* shorter post due to a crazy week *
“Education isn’t a problem until it serves as a buffer from the real world and a refuge from the risk of failure” – Seth Godin
This is my favorite quote from Seth’s Stop Stealing Dreams manifesto that I went through a few weeks ago. It really resonated with me because I find it so true. In a month I’ll be graduating, and I can see how many fellow graduates are treating education as a fill-in next step because they don’t know what to do.
Higher education is increasingly serving as a buffer from the real world. This buffer is a privilege that has become expected and makes the real world seem scary. For most of human history, there was no easy path to a comfortable life. Only within the past 50-100 years has the idea of college = a comfortable life come to life. Before that, education occurred on the job, in the real world. The idea that you could be more successful by disappearing from the real world and learning only from books was absurd.

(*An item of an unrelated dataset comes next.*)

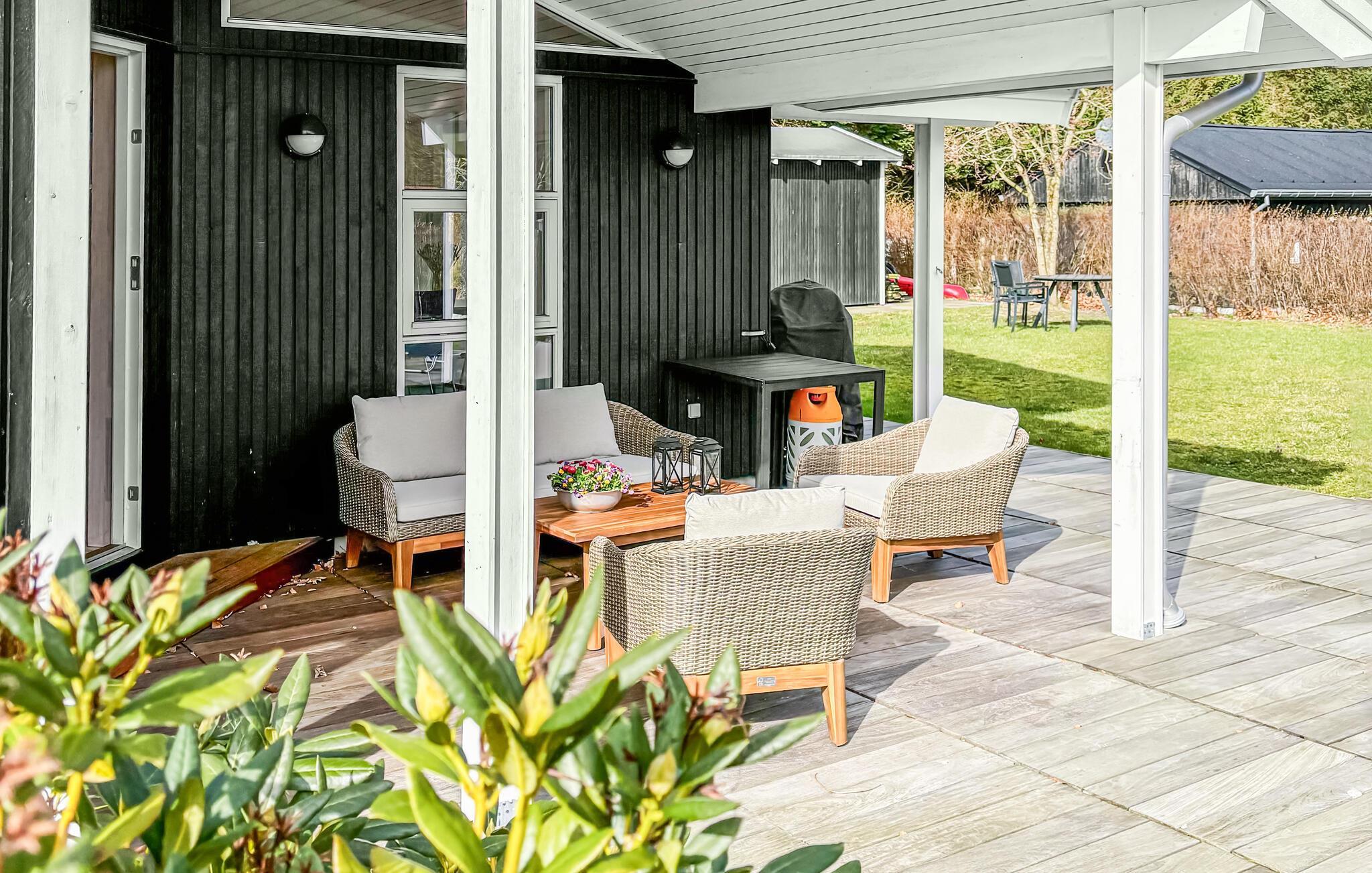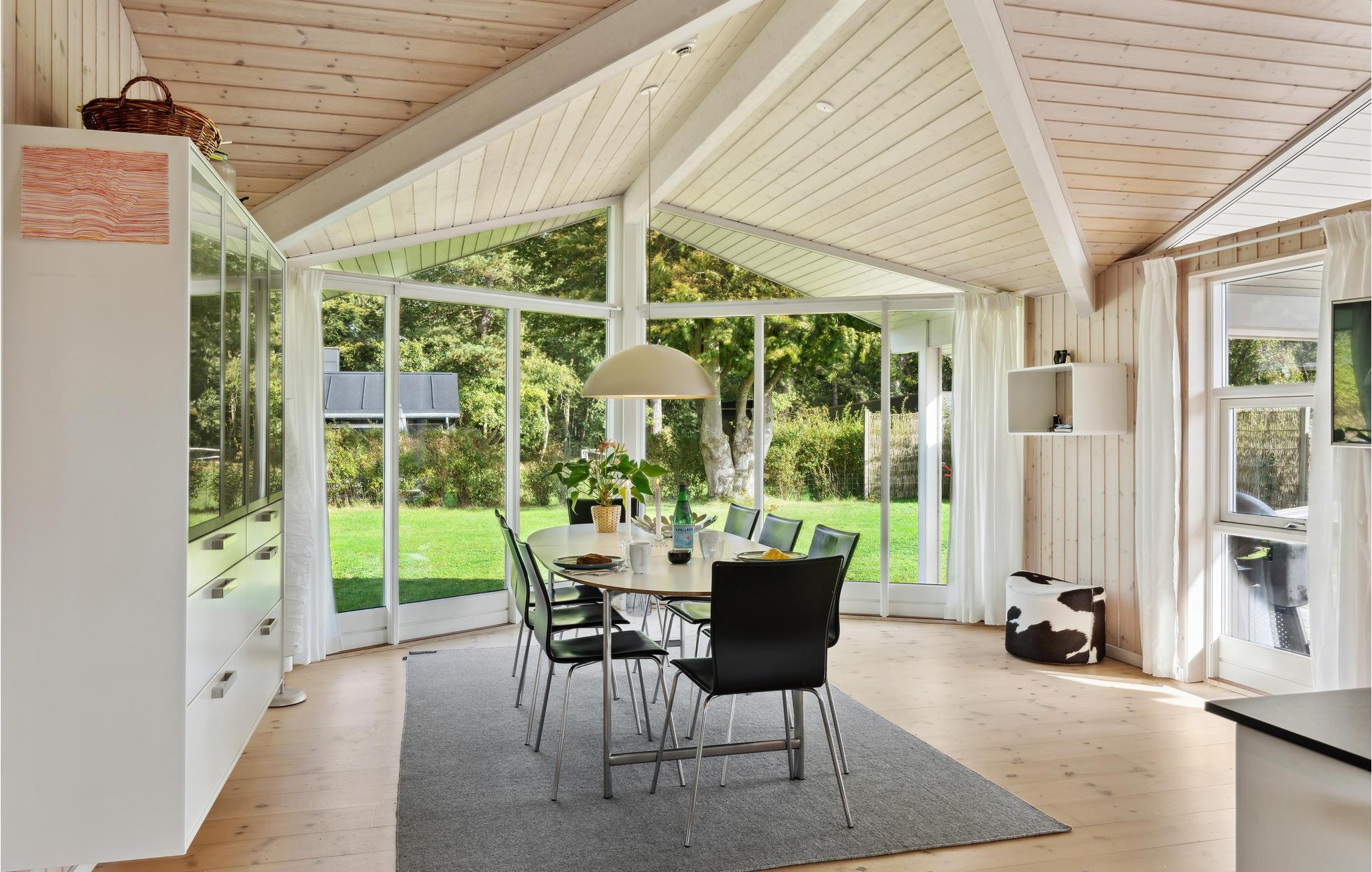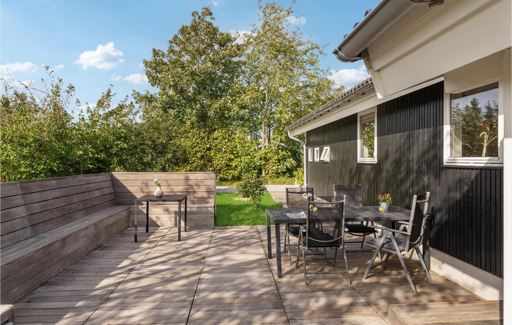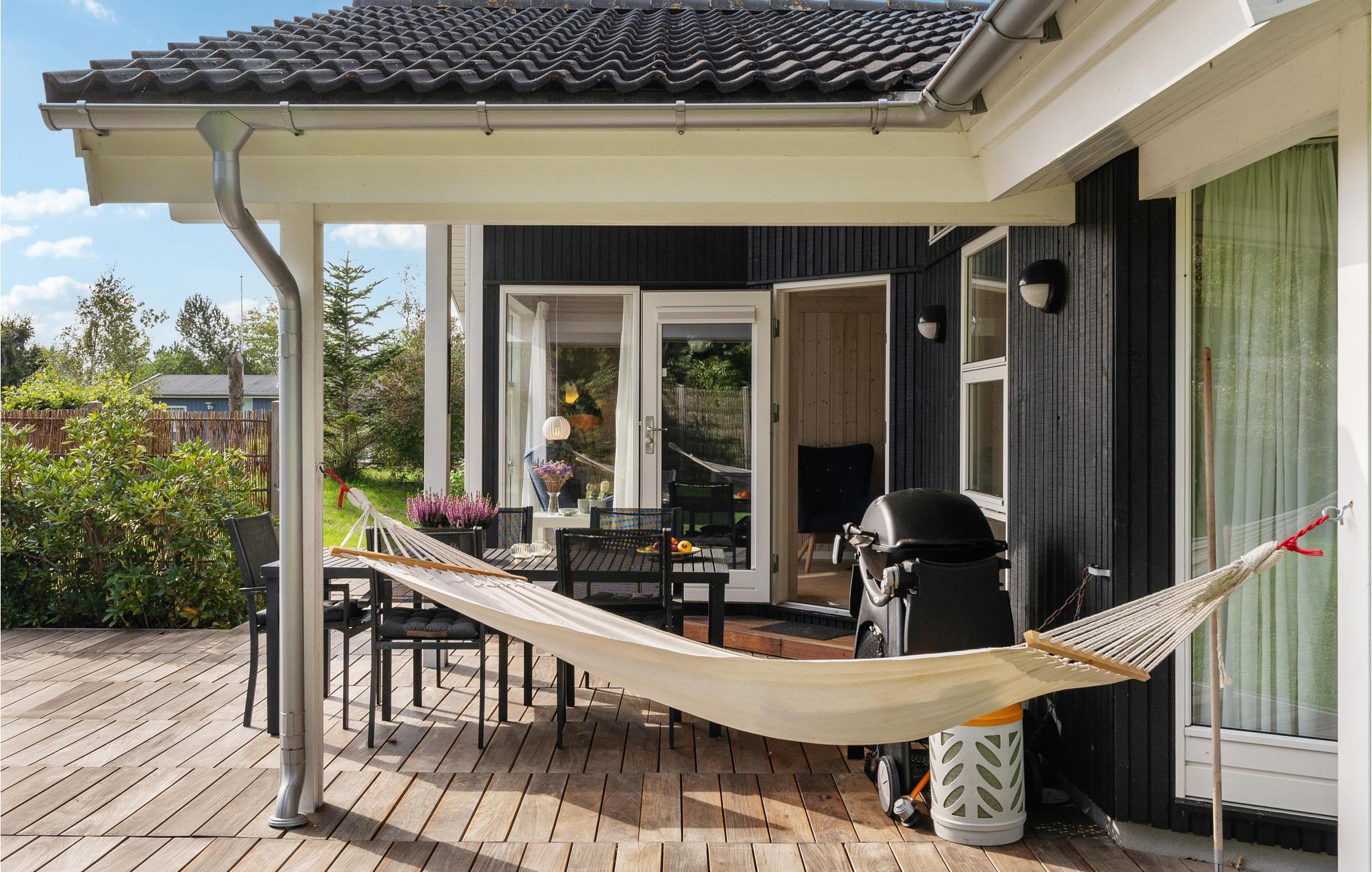 Es ist Zeit für Entspannung und Sie suchen das ideale Ferienhaus für Ihren Familienurlaub? Dann sind Sie hier genau richtig. Das schöne Ferienhaus wird Sie mit seiner ansprechenden Einrichtung, den großen Panoramafenstern und gemütlichen Atmosphäre von Beginn an überzeugen und Ihnen ein wohltuendes Zuhause bieten. Die gut ausgestattete Küche bietet Hobbyköchen einen Platz, um sich auszutoben. Die große Holzterrasse lädt ein die Sonne und gemeinsame Mahlzeiten im Freien zu genießen. Legen Sie sich in die Hängematte und lauschen dem Kinderlachen im Garten.

I know that I’ve learned more from reading and applying what I read than I have from any class I’ve taken in school. Writing also helps with the learning process, and helps filter what I learned through the lens of my experience. For example, I’m working through Dale Carnegie’s How to Win Friends and Influence People right now, and doing so very slowly. I’m trying to apply one principle from the book every day for a week and seeing how things go for me. Someone, I forget who, had a fantastic quote about how reading more is the easiest way to be smarter- you essentially are spending a few hours to learn everything about a subject from someone who has studied the issue extensively for at least a year.
Links I found interesting this week:
Article about Chicago’s new mayor. I especially liked how he is having corporations shape the curriculum of local community colleges, and give those graduates preference when they hire. It’s similar to what I wrote about here where corporations are beginning to assume the responsibility of educating future employees due to institutional failure.
Post from Chris Dixon about how the next big thing will look like a toy. He draws this idea from the Innovator’s Dilemma, a book I just finished this week. Things I see looking like toys: photovoltaic cells, electric cars, drones, and the entire Maker movement. I think all of these things will grow to become far more prevalent than they are now.
Patio11‘s comment really resonated with me – “Indeed, part of me thinks that applications (in general) are a backup filtering mechanism for people who haven’t figured out a more effective way to get what they want yet.”